“Just Give Me The Good Old Days”

   The old saying is true that “Distance lends enchantment to the view.” Since we live in the present we are forced to see things as they are, not as they have been.
   The generation gap is renewed with each generation. Our grandparents memories are not ours, neither are our memories those of our children. This makes communication difficult at best and impossible at times.
   An elderly lady spoke to the editor of the local newspaper. “The paper is not as good as it was when your father ran it! The young editor replied kindly, “It never was that good!”
   Let’s run a test case and see how things were in the ‘good old days with Grandma’. Monday was washday. The song now begins, “This is the way we wash our clothes, wash our clothes, wash our clothes, this is the way we wash our clothes, every Monday morning.”
   “Build a fire in the back yard to heat kettle of rain water. Set tub so smoke won’t blow in eyes if wind is pert. Shave one whole cake of lye soap in boiling water. Sort things in three piles. One pile white, one pile colored and one pile for britches and rags. To make starch, stir flour in cool water to smooth. Thin down with boiling water. Take white things and rub dirty spots on scrub board. Scrub hard and boil. Now scrub colored but don’t boil, just rinse and starch.
   Hang old rags on fence. Spread tea towels on grass. Hang clothes on clothes line. Pour wrench water on flower beds. Scrub porch with hot soapy water. Turn tubs upside down.  Quench fire. Go put on clean dress. Smooth hair with hair combs. Brew cup of tea. Sit and rock a spell and count your blessings.”
   The author of the above is unknown, but every Great Grandma could have given the same recipe. Have your kids read it and see how they identify with it. As I said before, ‘communications is difficult at times and impossible at best’.
   Talk to your kids about playing ‘hide and seek’, ‘Simon says’, ‘kick the can’, ‘red light’, ‘red rover’, ‘may I’, ‘draw a magic circle’, or just sitting a while on the porch with friends. See what they remember about chocolate milk, going home for lunch, penny candy from the store, hop scotch, butterscotch kisses, skates with keys, jacks, May first or hoola hoops.   Talk to them about the days when divorce was rare and Mom and Dad were still together.

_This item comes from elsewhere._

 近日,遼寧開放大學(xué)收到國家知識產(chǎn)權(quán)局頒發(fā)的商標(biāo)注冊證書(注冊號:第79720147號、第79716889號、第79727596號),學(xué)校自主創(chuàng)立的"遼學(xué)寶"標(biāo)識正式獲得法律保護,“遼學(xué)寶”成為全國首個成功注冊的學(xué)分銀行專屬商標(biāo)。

   In the ‘Good Old Days” we had sunflower seeds, Whist, Old Maids, Crazy Eights, wax lips and make believe mustaches. There was Mary Jane’s, Saddle shoes and Coke bottles with the name of cities on the bottom. Remember running through sprinklers, circle pins, bobby pins, spit curls, garder belts, Mickey Mouse Clubs, The Lone Ranger, Crusader Rabbit, Rocky and Bullwinkle, Fran and Ollie, Spin and Marty, all in black and white on a 12 inch screen that kept rolling and needed constant adjustment.
   We were never bored growing up. There was always something going on. We played Tarzan, Captain Marvel, climbing trees, splashing through puddles, chewing tar off the local telephone poles and making forts in the woods. We started a local neighborhood paper (sold for a penny a copy) and sold lemonade from a home made stand. We played cops and robbers, cowboys and Indians, sitting on the curb, staring at clouds, jumping from the top step, swan dives off the bedsteads, and special company spending the night.

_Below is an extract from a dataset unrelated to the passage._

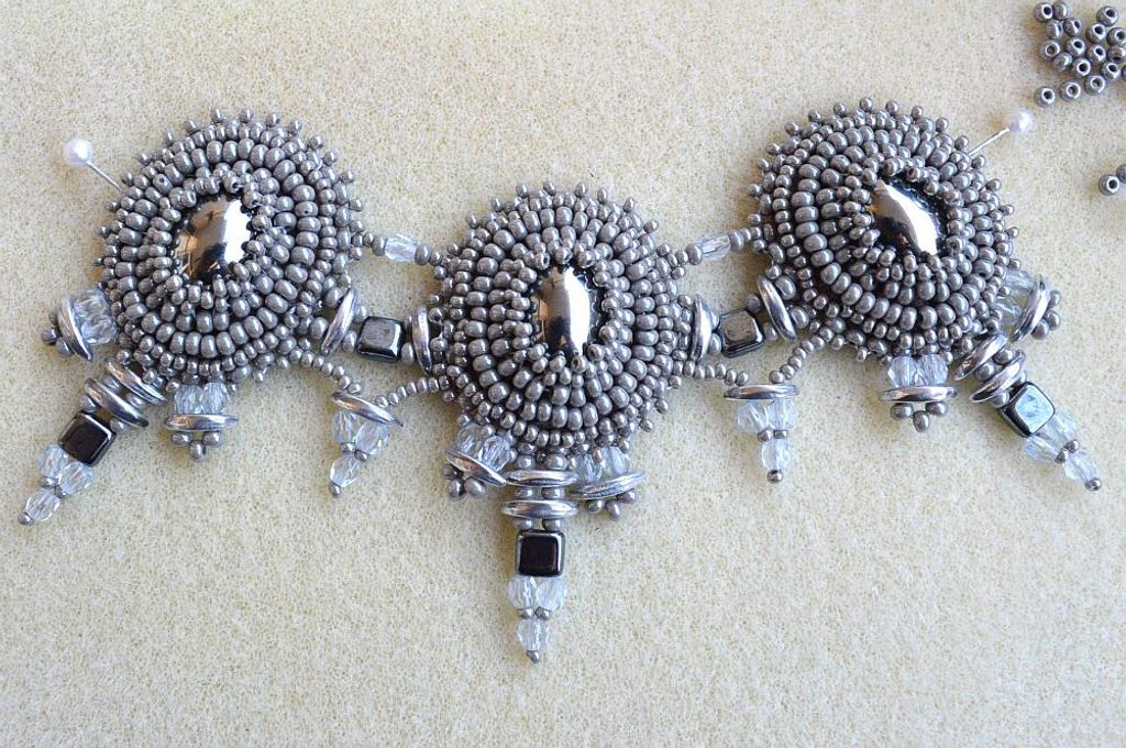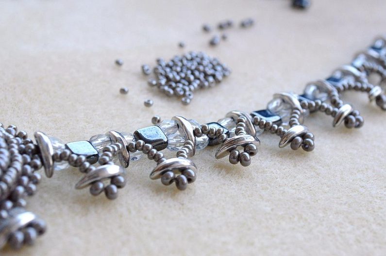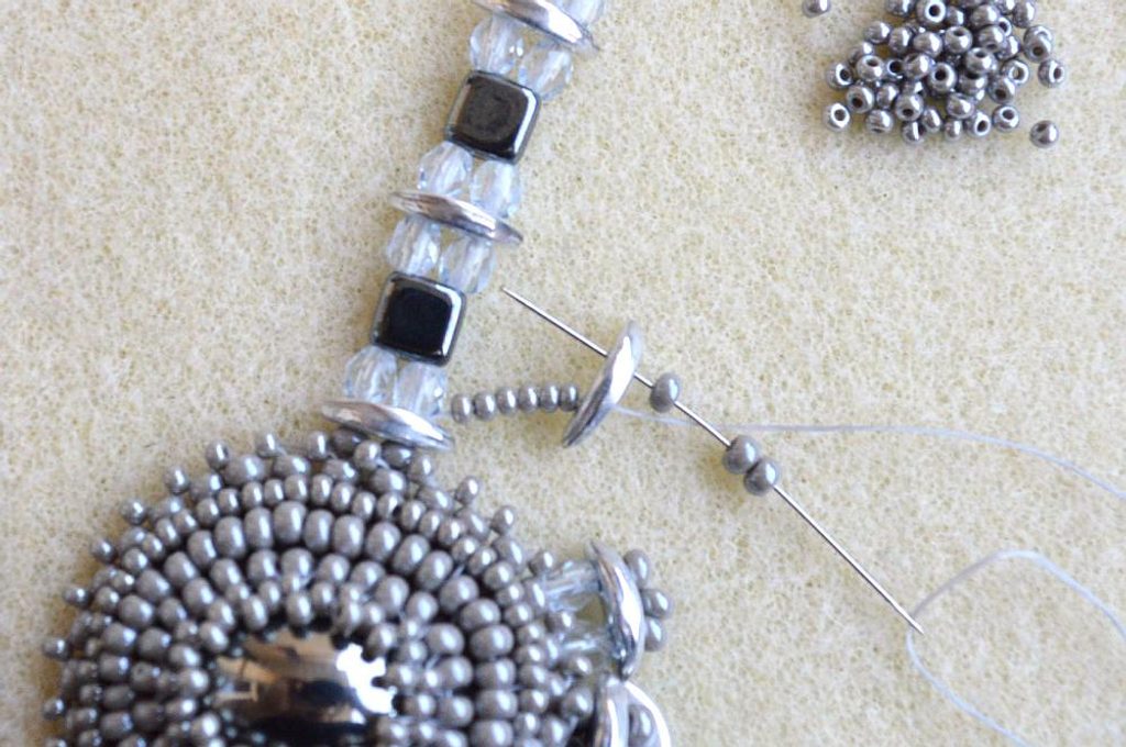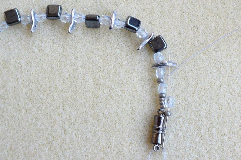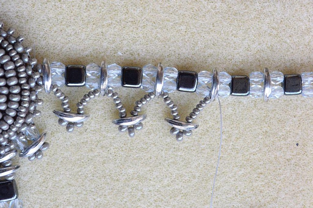 Vypíchneme ve spodní části CMC – navlékneme 6 PR10, 1 CMC, 3 PR8, které nazpět provlečeme druhou dírkou CMC. Opět navlékneme 6 PR10 a protáhneme spodním otvorem v CMC ve spodní řadě řetízku. Postup opakujeme až k poslednímu CMC v řetízku. Dostaneme se k původní linii před zapínáním, kterou provlékneme nit a zapošijeme očkem v zapínání. Protáhneme ji nazpět a zastřihneme mezi korálky tak, aby nebyla vidět.

   We made up our own rules when marbles were in season. No trenching, no hutching, no bee bee’s, no fudging, no teeing up with sand. We pitched for lines to see who could play and who could start. We played for fun, for keeps and forever.
   We took our skates apart and nailed them on a board. We made them into scooters.  We found a set of old wheels and made odd looking motor crafts out of old orange crates.  We made rubber guns out of odd pieces of wood and cut our ammo out in ringlets from old inner tubes. We once formed an antiaircraft gun using 36 strands of rubber tied together. It took three boys to load it and it went off by accident and knocked a little neighbor boy down.

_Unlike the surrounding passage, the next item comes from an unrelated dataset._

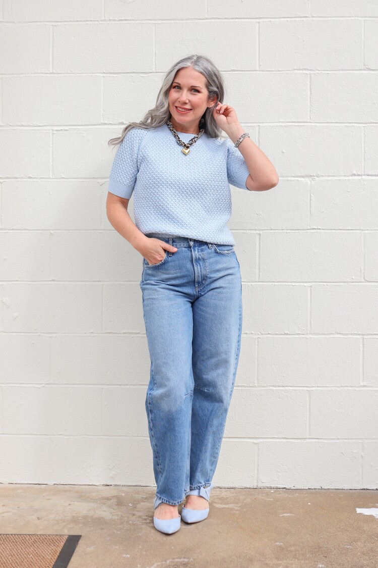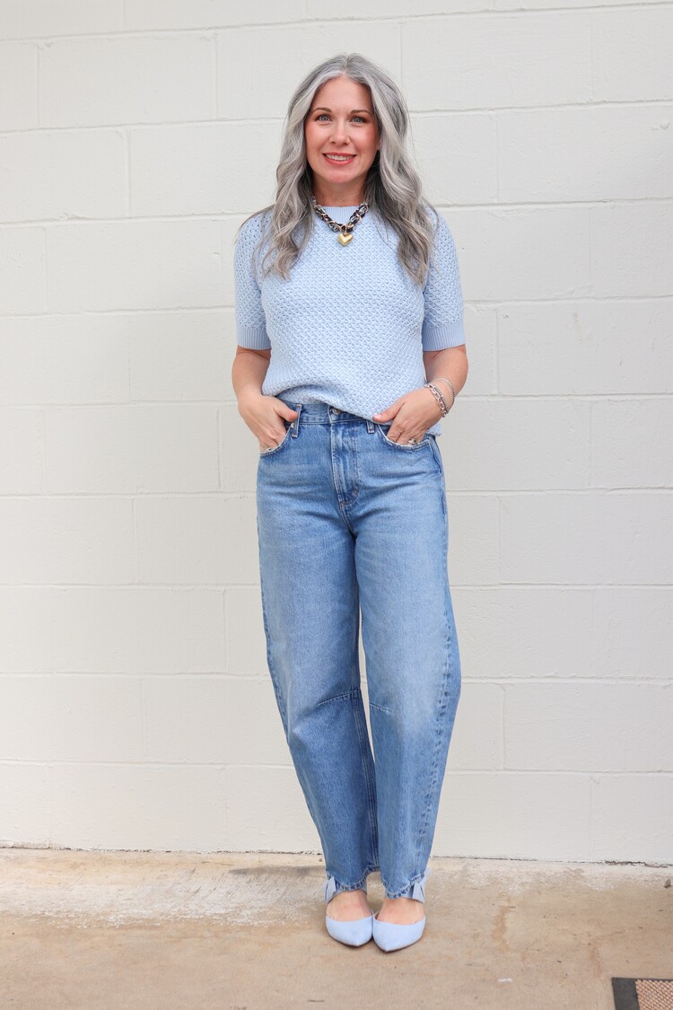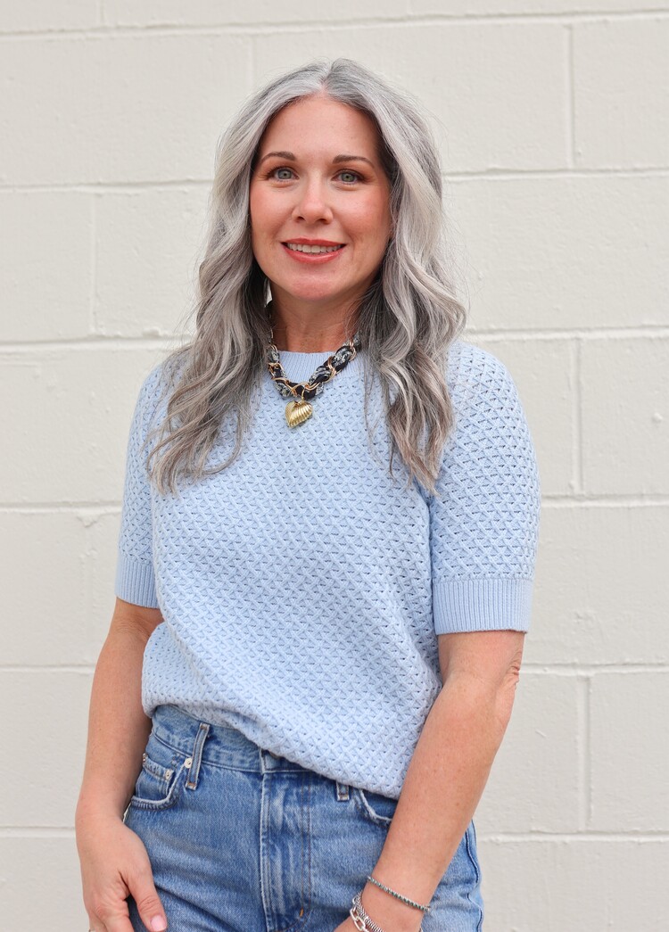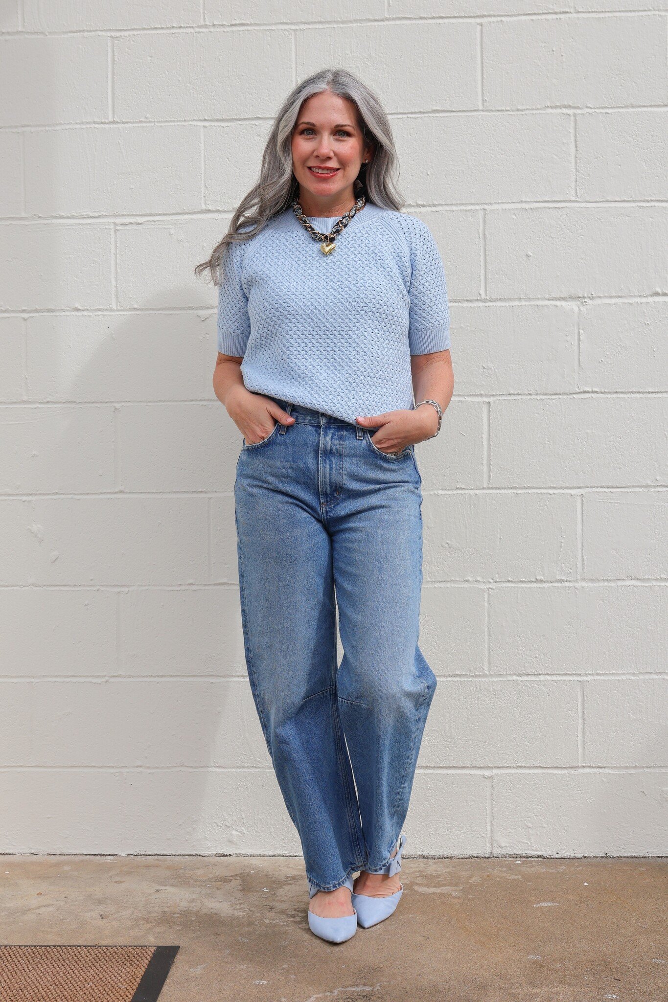 • Loose knot crochet knit short sleeve sweater. Boxy fit, true to size.

   Every body who was anybody in the neighborhood went to church. They were different ones but we all went. The preacher generally preached about Hell fire and damnation.   This included smoking, drinking, dancing, fooling around with girls and missing church. He used his text from Revelation 2:5, where John the revelator wrote, “remember from whence thou art fallen and repent and do the first works again”. The Ten Commandments were tacked on the wall of each room in our school. The worst things you could do in school was to run in the halls, chew gum in class or shoot spitballs with a rubber band.
   These were the “Good old days” and my children miss them and just don’t know it.